Try it: Among the lines below, copy exactly those from the one with "水廠出廠水水質日報表(2025-9-18)" through the one with "在位于陕西省西咸新区的西部云", counting both ends.

Source records:
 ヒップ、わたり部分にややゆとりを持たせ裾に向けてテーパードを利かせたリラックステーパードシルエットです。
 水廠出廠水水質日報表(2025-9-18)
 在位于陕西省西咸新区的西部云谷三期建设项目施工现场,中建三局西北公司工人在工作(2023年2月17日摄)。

* * *

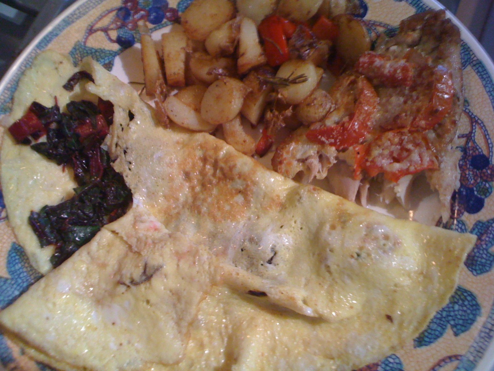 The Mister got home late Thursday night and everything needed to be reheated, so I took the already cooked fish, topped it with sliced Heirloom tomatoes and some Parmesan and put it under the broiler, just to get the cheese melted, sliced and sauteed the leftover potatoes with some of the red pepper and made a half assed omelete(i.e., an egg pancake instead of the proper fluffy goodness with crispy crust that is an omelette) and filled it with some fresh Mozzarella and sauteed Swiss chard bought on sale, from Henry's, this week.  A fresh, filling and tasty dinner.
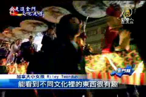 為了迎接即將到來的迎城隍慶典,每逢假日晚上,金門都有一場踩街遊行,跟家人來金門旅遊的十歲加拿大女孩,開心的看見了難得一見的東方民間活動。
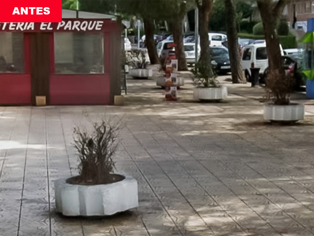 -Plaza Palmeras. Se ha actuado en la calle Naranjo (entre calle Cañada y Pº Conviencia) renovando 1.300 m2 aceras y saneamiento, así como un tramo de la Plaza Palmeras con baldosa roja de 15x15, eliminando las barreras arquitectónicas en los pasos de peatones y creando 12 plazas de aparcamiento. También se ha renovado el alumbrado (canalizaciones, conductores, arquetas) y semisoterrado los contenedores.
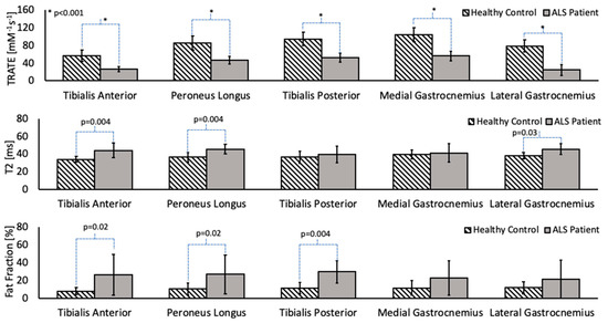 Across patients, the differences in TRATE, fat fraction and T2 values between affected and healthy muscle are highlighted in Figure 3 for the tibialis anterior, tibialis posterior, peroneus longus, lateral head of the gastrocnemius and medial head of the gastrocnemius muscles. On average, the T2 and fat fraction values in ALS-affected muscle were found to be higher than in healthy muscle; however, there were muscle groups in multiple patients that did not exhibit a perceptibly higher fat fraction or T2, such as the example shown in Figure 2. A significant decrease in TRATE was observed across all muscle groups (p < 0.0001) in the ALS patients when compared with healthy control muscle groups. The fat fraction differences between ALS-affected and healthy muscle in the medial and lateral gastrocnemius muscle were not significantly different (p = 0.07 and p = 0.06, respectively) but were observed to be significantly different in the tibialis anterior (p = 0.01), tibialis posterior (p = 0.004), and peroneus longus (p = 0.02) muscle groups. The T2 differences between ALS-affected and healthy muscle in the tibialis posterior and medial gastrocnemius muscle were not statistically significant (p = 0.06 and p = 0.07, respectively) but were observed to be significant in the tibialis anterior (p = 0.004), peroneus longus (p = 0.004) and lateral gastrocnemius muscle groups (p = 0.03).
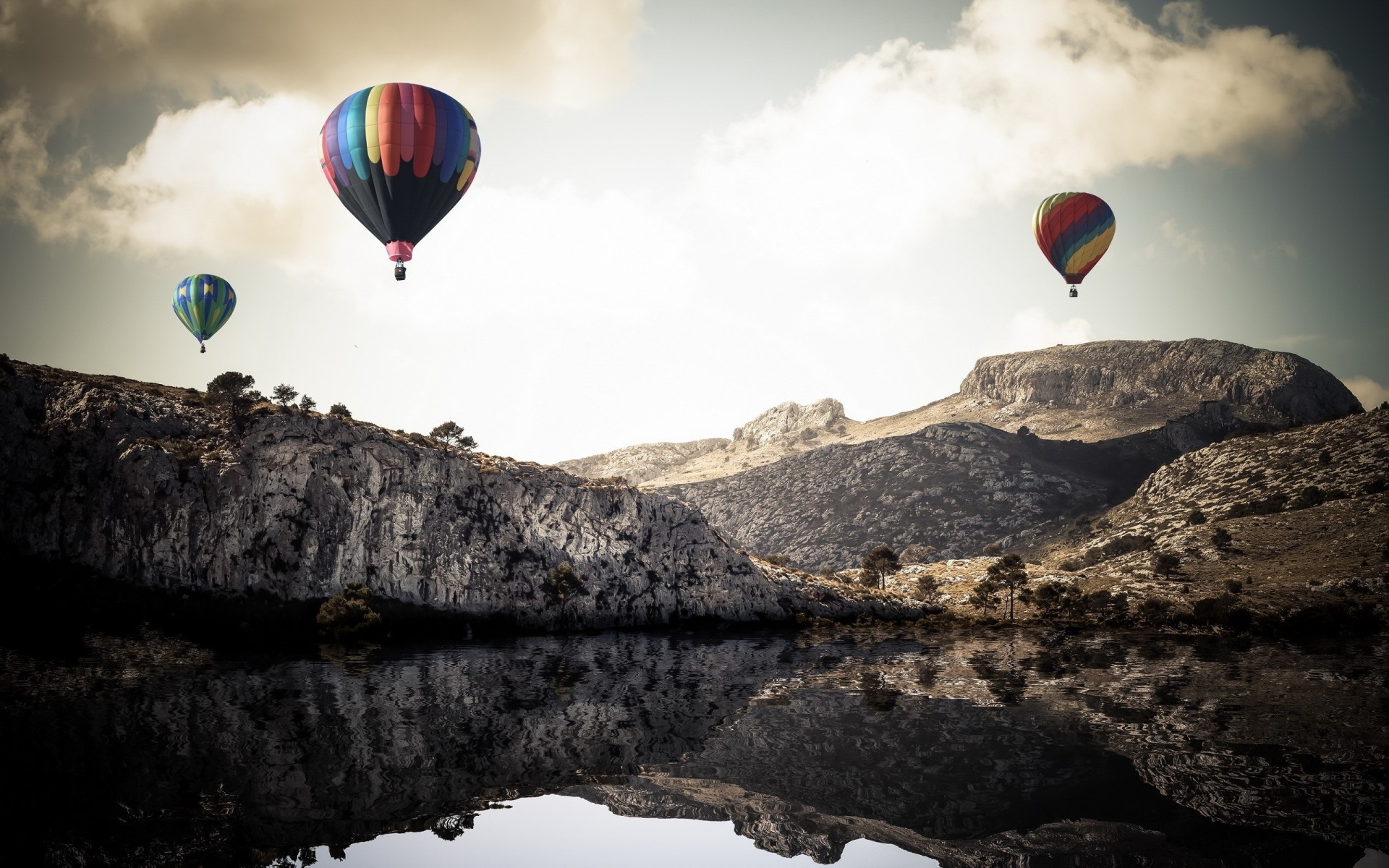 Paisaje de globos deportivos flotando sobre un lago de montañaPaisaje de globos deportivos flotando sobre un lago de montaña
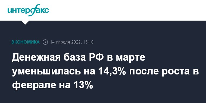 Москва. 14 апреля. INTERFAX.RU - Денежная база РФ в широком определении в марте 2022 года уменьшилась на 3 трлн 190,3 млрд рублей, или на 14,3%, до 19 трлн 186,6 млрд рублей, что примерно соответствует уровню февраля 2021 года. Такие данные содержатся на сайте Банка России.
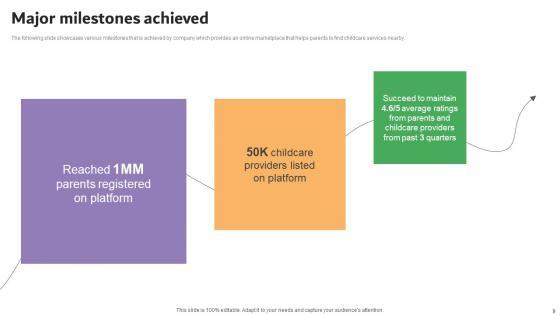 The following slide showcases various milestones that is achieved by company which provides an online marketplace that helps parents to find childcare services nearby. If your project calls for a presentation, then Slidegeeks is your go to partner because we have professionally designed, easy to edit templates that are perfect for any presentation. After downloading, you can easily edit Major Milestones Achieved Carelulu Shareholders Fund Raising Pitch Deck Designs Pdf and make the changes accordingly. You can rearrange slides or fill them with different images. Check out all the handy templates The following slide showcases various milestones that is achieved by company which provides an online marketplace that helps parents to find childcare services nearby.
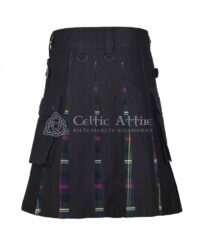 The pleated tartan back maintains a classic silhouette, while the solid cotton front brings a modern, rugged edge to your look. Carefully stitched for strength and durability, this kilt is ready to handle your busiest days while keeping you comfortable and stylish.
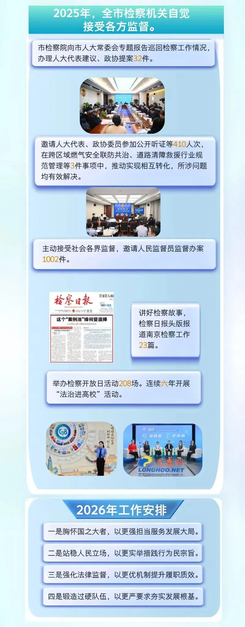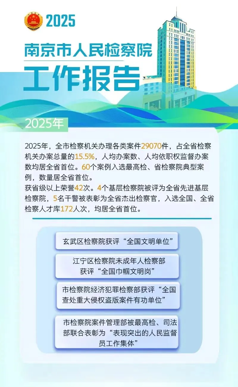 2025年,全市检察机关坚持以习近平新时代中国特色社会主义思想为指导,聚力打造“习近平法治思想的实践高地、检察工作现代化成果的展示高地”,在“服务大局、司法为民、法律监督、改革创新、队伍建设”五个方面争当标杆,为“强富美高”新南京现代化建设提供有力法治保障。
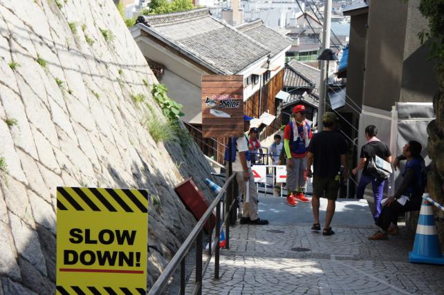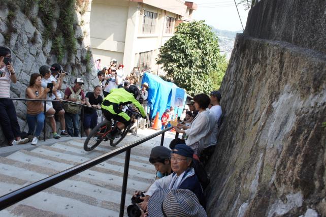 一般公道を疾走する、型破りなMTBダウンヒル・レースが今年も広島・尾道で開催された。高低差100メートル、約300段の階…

* * *

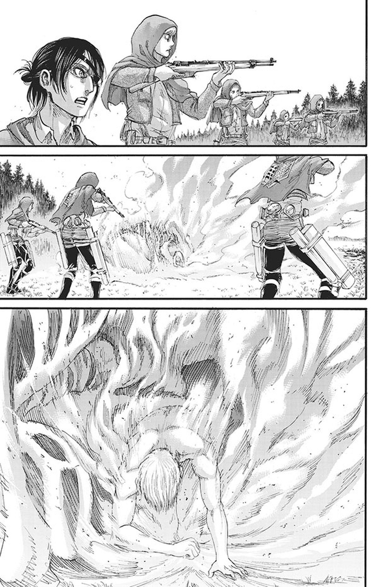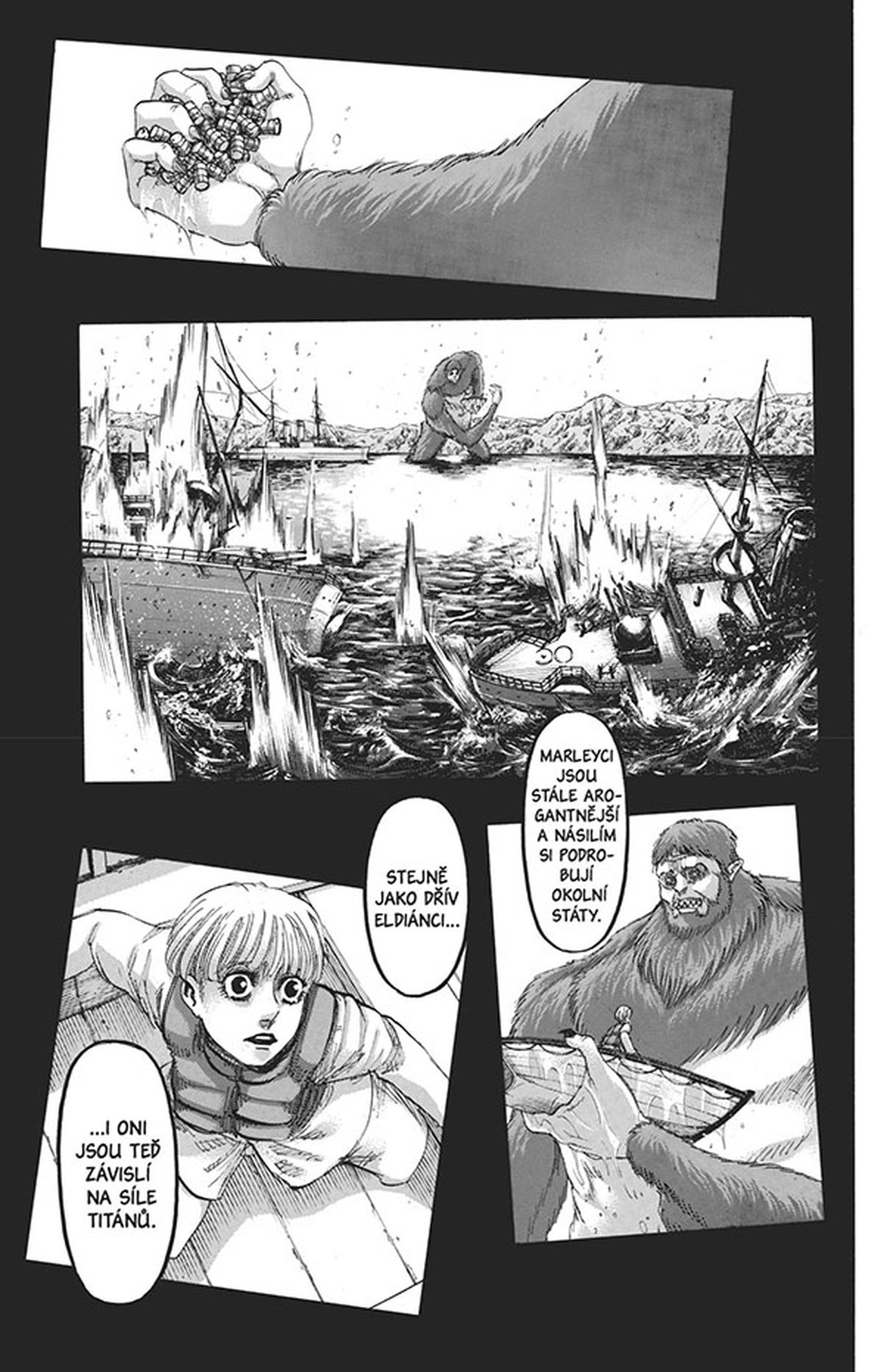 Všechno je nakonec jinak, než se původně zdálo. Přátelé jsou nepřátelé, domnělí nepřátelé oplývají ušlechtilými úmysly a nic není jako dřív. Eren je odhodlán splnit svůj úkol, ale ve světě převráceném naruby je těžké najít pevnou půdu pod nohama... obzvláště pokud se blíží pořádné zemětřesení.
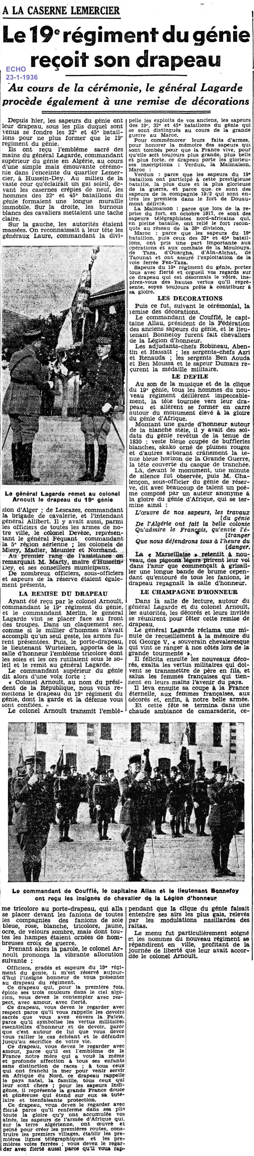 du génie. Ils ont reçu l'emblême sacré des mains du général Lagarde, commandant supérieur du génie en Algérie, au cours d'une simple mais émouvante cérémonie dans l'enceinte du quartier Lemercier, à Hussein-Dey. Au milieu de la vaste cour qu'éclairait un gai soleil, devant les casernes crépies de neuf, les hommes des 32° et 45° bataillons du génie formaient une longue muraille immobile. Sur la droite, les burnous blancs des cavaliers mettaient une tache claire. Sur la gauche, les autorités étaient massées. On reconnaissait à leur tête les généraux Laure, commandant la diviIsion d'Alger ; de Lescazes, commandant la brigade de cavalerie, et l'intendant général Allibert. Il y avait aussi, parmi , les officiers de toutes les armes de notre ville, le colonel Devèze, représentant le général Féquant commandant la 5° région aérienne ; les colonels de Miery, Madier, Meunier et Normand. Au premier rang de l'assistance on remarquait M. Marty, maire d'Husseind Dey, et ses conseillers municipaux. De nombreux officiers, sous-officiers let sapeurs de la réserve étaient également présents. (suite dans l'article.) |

Written solution:
 水廠出廠水水質日報表(2025-9-18)
 在位于陕西省西咸新区的西部云谷三期建设项目施工现场,中建三局西北公司工人在工作(2023年2月17日摄)。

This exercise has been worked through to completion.